%%

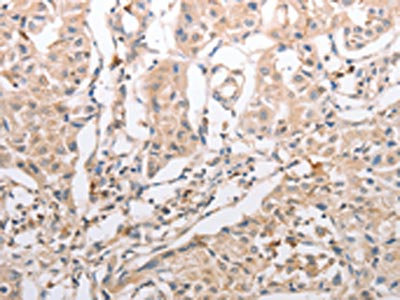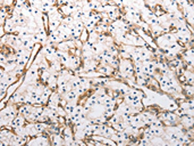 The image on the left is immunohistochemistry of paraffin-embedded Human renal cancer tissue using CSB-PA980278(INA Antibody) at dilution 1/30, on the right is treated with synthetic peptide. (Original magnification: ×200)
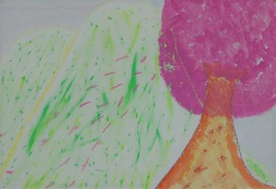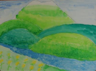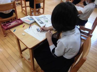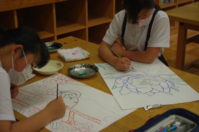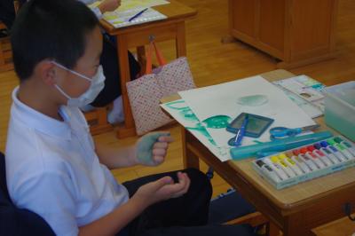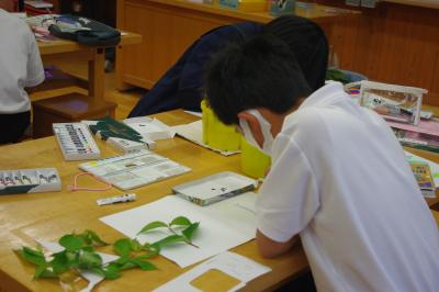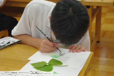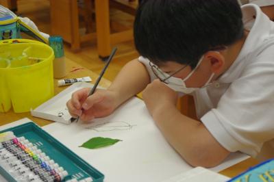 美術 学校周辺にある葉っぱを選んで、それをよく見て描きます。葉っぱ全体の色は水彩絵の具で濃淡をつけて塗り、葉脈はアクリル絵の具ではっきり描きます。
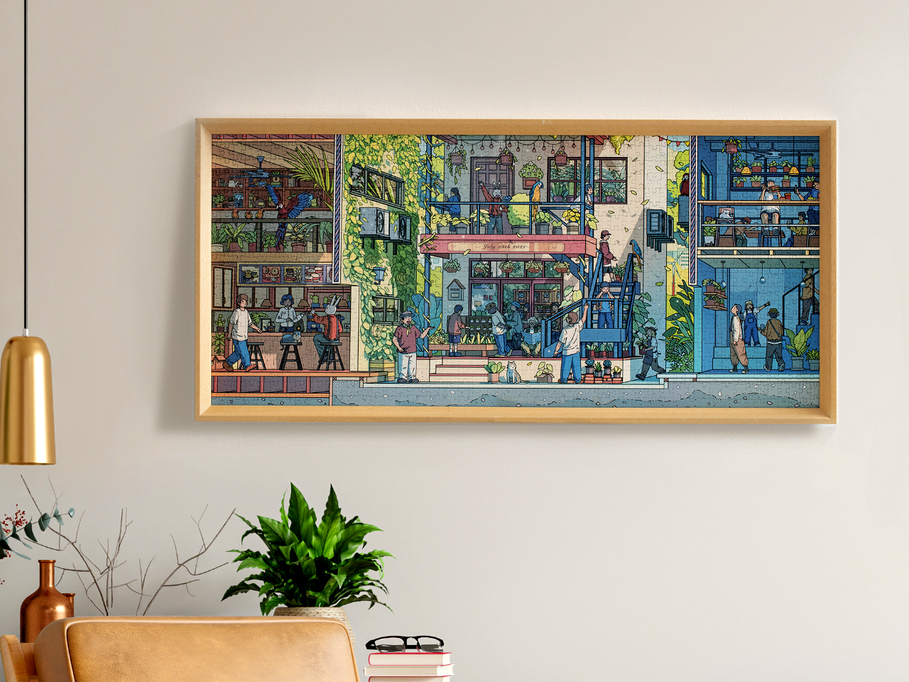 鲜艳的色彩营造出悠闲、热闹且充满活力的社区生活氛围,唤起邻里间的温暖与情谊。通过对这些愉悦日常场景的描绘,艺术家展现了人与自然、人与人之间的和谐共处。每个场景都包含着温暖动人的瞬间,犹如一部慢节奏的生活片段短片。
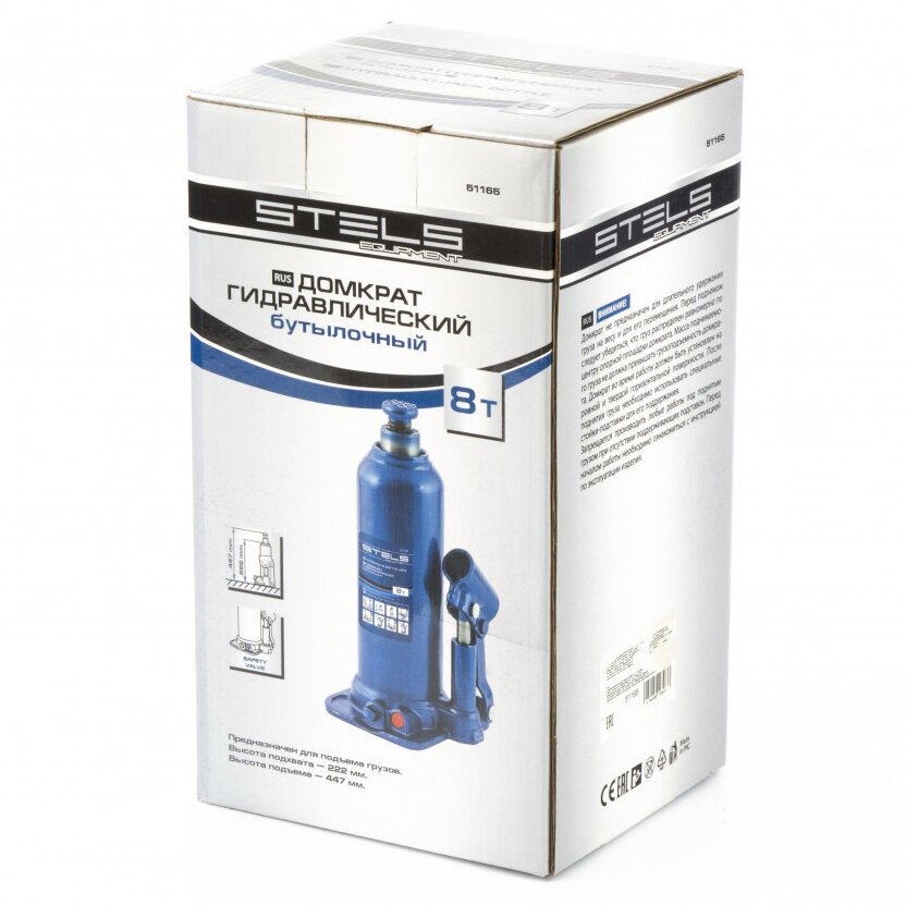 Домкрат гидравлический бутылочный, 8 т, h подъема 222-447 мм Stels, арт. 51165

%%

Exercise brief
Could all the data above be given again exactly, leaving out its images?

Output below
 The image on the left is immunohistochemistry of paraffin-embedded Human renal cancer tissue using CSB-PA980278(INA Antibody) at dilution 1/30, on the right is treated with synthetic peptide. (Original magnification: ×200)
 美術 学校周辺にある葉っぱを選んで、それをよく見て描きます。葉っぱ全体の色は水彩絵の具で濃淡をつけて塗り、葉脈はアクリル絵の具ではっきり描きます。
 鲜艳的色彩营造出悠闲、热闹且充满活力的社区生活氛围,唤起邻里间的温暖与情谊。通过对这些愉悦日常场景的描绘,艺术家展现了人与自然、人与人之间的和谐共处。每个场景都包含着温暖动人的瞬间,犹如一部慢节奏的生活片段短片。
 Домкрат гидравлический бутылочный, 8 т, h подъема 222-447 мм Stels, арт. 51165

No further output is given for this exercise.